The Louvre Abu Dhabi said Monday it has replaced a map of the Arabian Peninsula that omitted Qatar, embroiled in a months-long diplomatic dispute with its Gulf neighbors.
The museum said the map was an "oversight" that had been rectified.
The map, one of several aiming at placing exhibits in their geographical context, was located in the children's section of the museum.
The error was pointed out on January 19 by Qatar's museums head, Al Mayassa Al-Thani, who retweeted a picture of the map showing Bahrain and the Gulf coast with blank sea in the place of Qatar.
"Although the notion of museums is a new one to Abu Dhabi, surely the @MuseeLouvre is not okay with this?" she wrote.
The following day, Emirati foreign minister Anwar Gargash said he had been "mystified" by Al-Thani's tweet, which "blew a slight oversight out of proportion".
"Culture is superior to such trifles," he added.
The Louvre Abu Dhabi was inaugurated with great pomp in November by French President Emmanuel Macron and Abu Dhabi's Crown Prince Mohammed bin Zayed Al-Nahyan.

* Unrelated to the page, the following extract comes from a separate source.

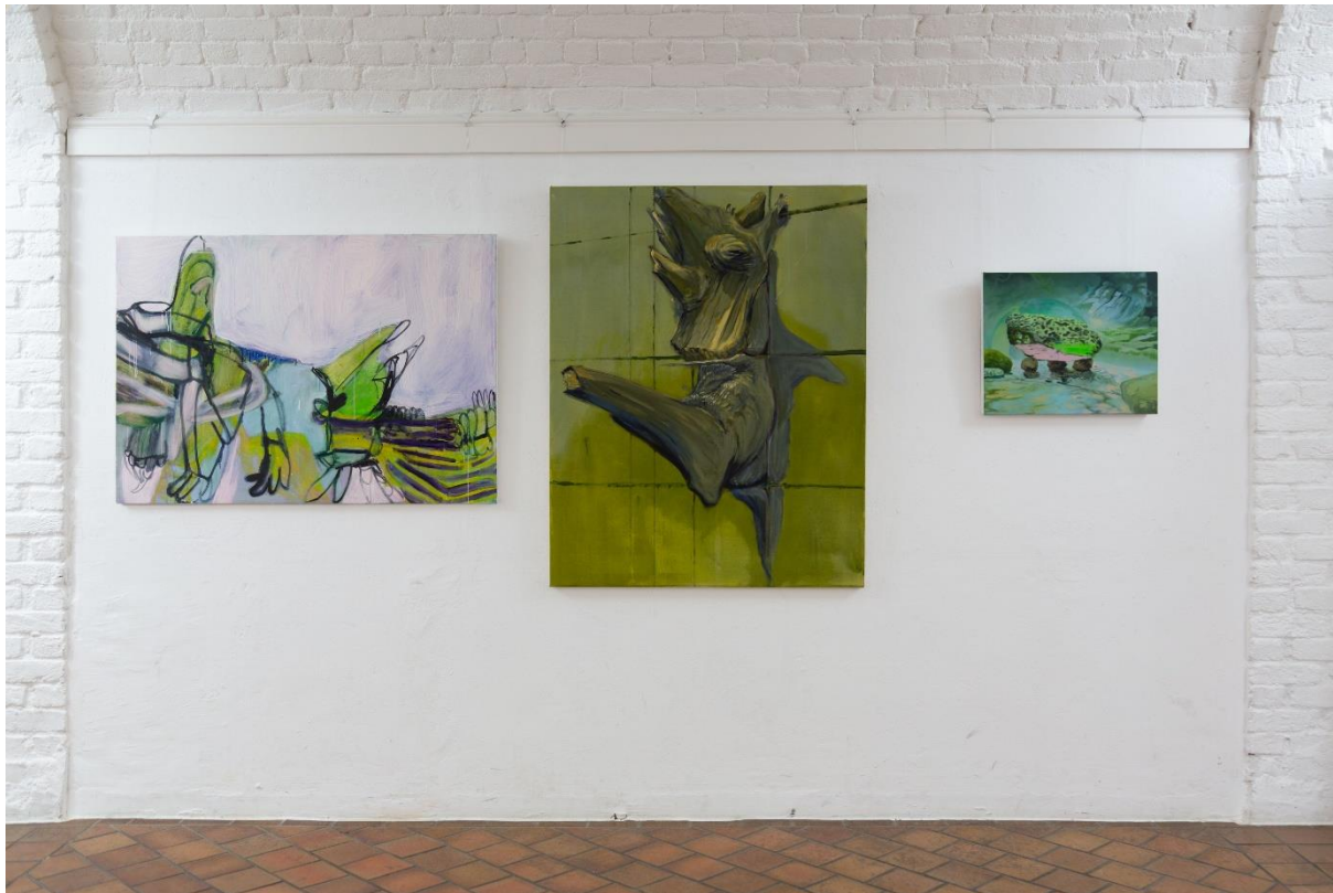
Install shot of Nadja Gabriela Plein: 'die Verknüpfung knackt und schlängelt/ The linking cracks and slithers', Rhys Trussler: 'Happy Homunculus', and Benjamin Deakin: 'Migrator'

To be subsumed is to include or absorb something into something else. From each microscopic particle of pigment, to each brushstroke, each painting and what they represent in isolation and as a collection, the place of the gallery space within the church, in London, on this Earth, and even the Universe beyond, "Subsumed: Absorbing Surfaces" hopes that each of these paintings could provide a starting point for an imaginative journey of our own personal sense of scale, place and power within the spaces we inhabit.
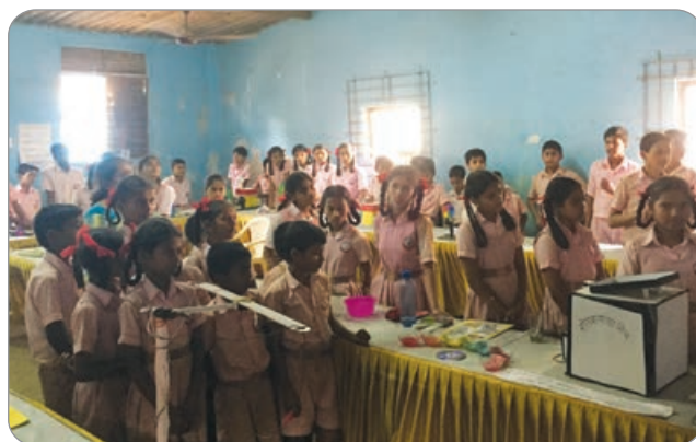
Dnyaneshwar Vidya Mandir

It was marketed as "a universal museum" celebrating cultural exchange and tolerance.
The UAE and Qatar have long had sour relations, but they worsened last year when Saudi Arabia, the UAE, Bahrain and Egypt in June cut all ties with Doha, including land, sea and air links.
They accused the tiny, gas-rich state of ties to Islamist extremists and being too close to Shiite Iran.
Doha rejected the accusations and accused the states of seeking to take over its foreign policy.